For the 48% of responses we kept, we used the LLM to then examine sentiment, emotion, and topics mentioned. The model graded sentiment as positive or negative, classified the emotional content of the response, and then classified the topic into one of three pre-defined categories. Finally, the LLM graded the topics by prevalence within the responses. We then fed the scores into gold-level tables within Databricks Medallion architecture. We found that some of the most useful data came from critical responses. For example, a response that mentioned the high cost of an activity indicated that we should include more messaging around value in future advertising. We used few-shot prompting to derive relevance scoring and sentiment polarity, using the different LLMs we assigned to these tasks. Finally, we asked the LLMs to create topic-level and campaign-level summaries of the responses.

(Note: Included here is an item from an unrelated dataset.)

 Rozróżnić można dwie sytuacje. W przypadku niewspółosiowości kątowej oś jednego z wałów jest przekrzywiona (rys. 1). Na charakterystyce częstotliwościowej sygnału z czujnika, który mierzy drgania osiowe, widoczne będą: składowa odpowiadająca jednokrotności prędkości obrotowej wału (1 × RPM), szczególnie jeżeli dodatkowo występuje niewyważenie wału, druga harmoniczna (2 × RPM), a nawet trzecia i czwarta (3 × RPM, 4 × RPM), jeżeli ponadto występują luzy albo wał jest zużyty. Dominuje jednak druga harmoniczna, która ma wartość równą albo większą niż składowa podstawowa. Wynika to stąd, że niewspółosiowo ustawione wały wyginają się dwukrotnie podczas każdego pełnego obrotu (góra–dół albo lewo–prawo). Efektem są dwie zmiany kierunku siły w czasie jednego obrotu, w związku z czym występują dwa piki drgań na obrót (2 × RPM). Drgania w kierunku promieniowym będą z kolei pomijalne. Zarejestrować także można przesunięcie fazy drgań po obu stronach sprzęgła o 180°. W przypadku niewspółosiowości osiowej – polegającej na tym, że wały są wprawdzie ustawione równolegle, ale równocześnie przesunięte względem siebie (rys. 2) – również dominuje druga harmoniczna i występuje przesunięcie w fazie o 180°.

Looking Back and Looking Ahead with Databricks

To evaluate the results of our AI agent system, we had three primary options:

Human-in-the-loop: A manual review of the LLM’s output to see if it is accurate. This method is effective but costly.
LLM-as-a-judge: Evaluate responses at scale with another LLM, then test that judge LLM on a sample dataset to see if the results are satisfactory.
Exact match: Responses are compared to a labeled, ground truth dataset that must be matched based on a “good enough” metric such as 90% accuracy.

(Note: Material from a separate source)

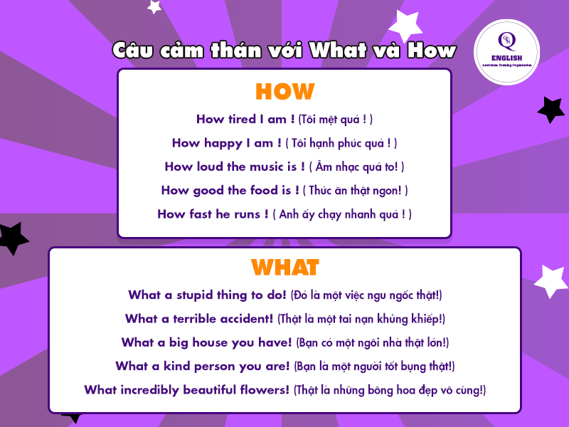 Câu cảm thán là một phần thú vị trong tiếng Anh, giúp chúng ta thể hiện cảm xúc một cách mạnh mẽ hơn. Hai cấu trúc chính của nó là “What” và “How”. Với cấu trúc “What”, chúng ta có thể sử dụng “What + (a/an) + (adjective) + noun” để biểu thị sự ngạc nhiên hoặc ấn tượng mạnh với một sự việc nào đó. Ví dụ, “What a beautiful day!” – câu này thật sự mang lại cảm giác vui tươi.

Other than relevancy scoring and summarization, we primarily relied on LLM as a judge for our evaluation metrics. We had a training dataset that we used as a source of ground truth as we were developing and testing different functionalities. Once we were happy with the initial results, we would then compare them to a registered model on the test dataset so we weren't overfitting to our ground truth data. At one point, we hit a plateau in terms of the quality of responses. We then went back and reviewed our ground truth dataset, which had relied on human-in-the-loop review, and found some inconsistencies, so we went back and made some corrections on how we were reviewing responses based on insights from our LLMs.

We began our data transformation journey about two years ago; we had a strong vision of where we wanted our data to be and how we wanted to use it. We evaluated several data architectures to see what would best support our needs. Ultimately, we selected Databricks due to the strength of their future roadmap. We had confidence that any relevant features we might need would be available in Databricks in the future. This confidence was well-placed, as we were able to quickly deploy our GenAI-based data thermometer. We also appreciated the modular, open source approach of Databricks which made our development and evaluation process much easier.

Digging into our current architecture, we store data and rely on Unity Catalog to enable permission-based access so users can query production data from development environments. MLflow integrated into Databricks lets us easily compare LLM results side by side and use LLM as a judge as a low-code way to evaluate data at scale.

We have seen some unexpected value from this project; for example, other teams are able to leverage this proof of concept to evaluate responses to other surveys. Another benefit has been the ability to improve our survey process. Now, when people submit responses outside of a drop-down list, we are able to gain information from their free-text responses that help us shape more pertinent questions going forward. Looking ahead, the fact that Databricks is at the forefront of innovation is key. For example, we can easily switch between model endpoints. This allows us to iterate on the latest and greatest GenAI technology, helping us to support the needs of the tourism industry in the UK—now and in the future.